Freshman Yumarelis Webb (center) played the clarinet during a rehearsal.Timothy Tai for The Boston Globe

They were rehearsing a selection they call “Canon Remix” — Bernice’s arrangement of a chestnut by Pachelbel — and the music, full of energy and youthful charm, flooded the hall. Bernice, his stepladder angled toward the balconies, steered the enormous band as if guiding an ocean liner. After the final cutoff, he deemed his players ready for “awesomeness.”

The end of school on Tuesday marks a band milestone, too: 10 years under Bernice’s direction. When he arrived — in the middle of the 2006-07 school year, because his predecessor had quit — the band had 20 students.

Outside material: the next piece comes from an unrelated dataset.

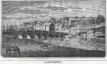 During the Middle Ages, the settlement then known as Llanteulyddog ('St Teulyddog's)[11] accounted one of the seven principal sees (Cantrefi) in Dyfed.[12] The strategic importance of Carmarthen caused the Norman William fitz Baldwin to build a castle there, probably about 1094. The current castle site is known to have been occupied since 1105. The castle itself was destroyed by Llywelyn the Great in 1215, but rebuilt in 1223, when permission was given for a town wall and crenellations, making it one of the first medieval walled towns in Wales. In 1405, the town was captured and the castle sacked by Owain Glyndŵr. The Black Book of Carmarthen of about 1250 is associated with the town's Priory of SS John the Evangelist and Teulyddog.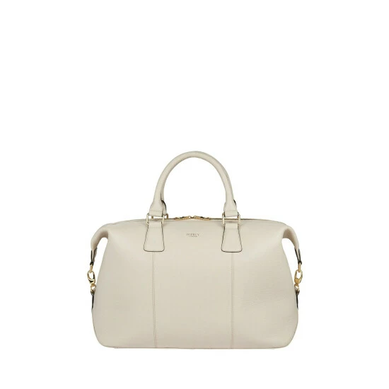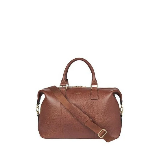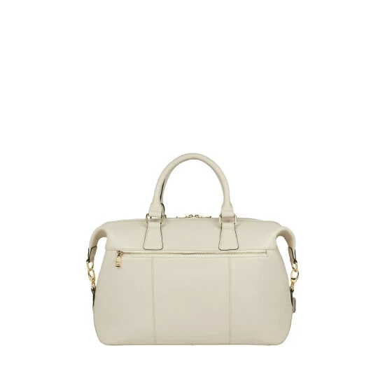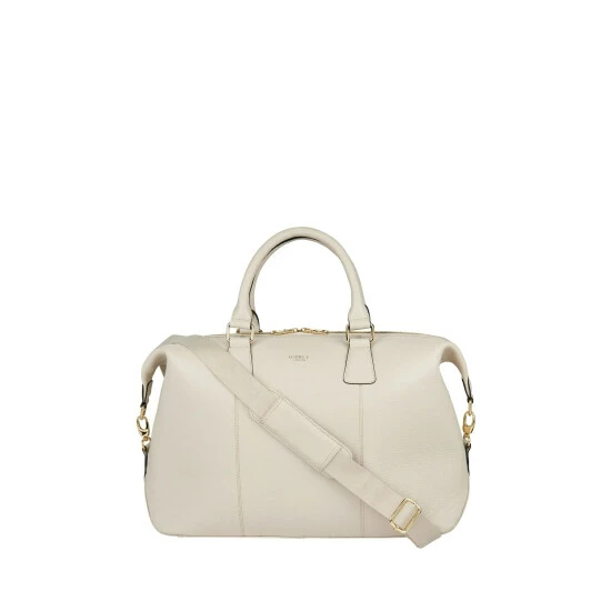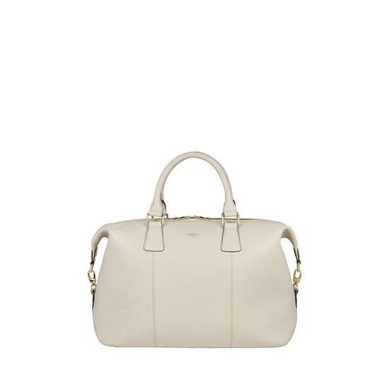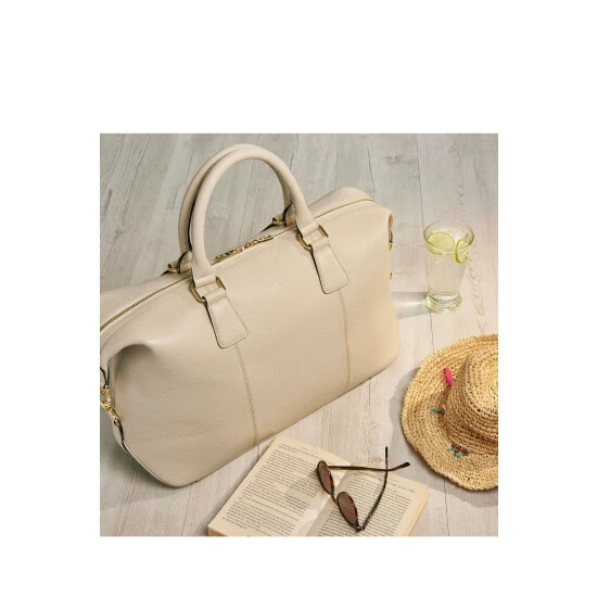 Sleek, structured OSPREY LONDON holdall, handcrafted in Grainy hide leather, with smart self-coloured stitching and gold metal hardware throughout. Features two drop-down rolled leather handles with gold metal rings set on exquisitely shaped leather mounts.

Bernice discovered that those students had spent much of the year watching ESPN, and had never had a chance to perform a single concert. He had a different plan in mind. At his first band meeting, he wrote on the board a single word: ownership.

“This story is not about me,” Bernice explained recently, sitting in his small SciTech office. “I always have a tough time with those movies about white teachers who are the saviors of all these students who aren’t white. That’s not what this is here. We do have a different cultural background in many cases, but this is still us getting to know the students, finding out what their interests are, and asking them: How can we make this relevant to your situation, your life, and create a community — almost like a microculture within our city — to be that change.”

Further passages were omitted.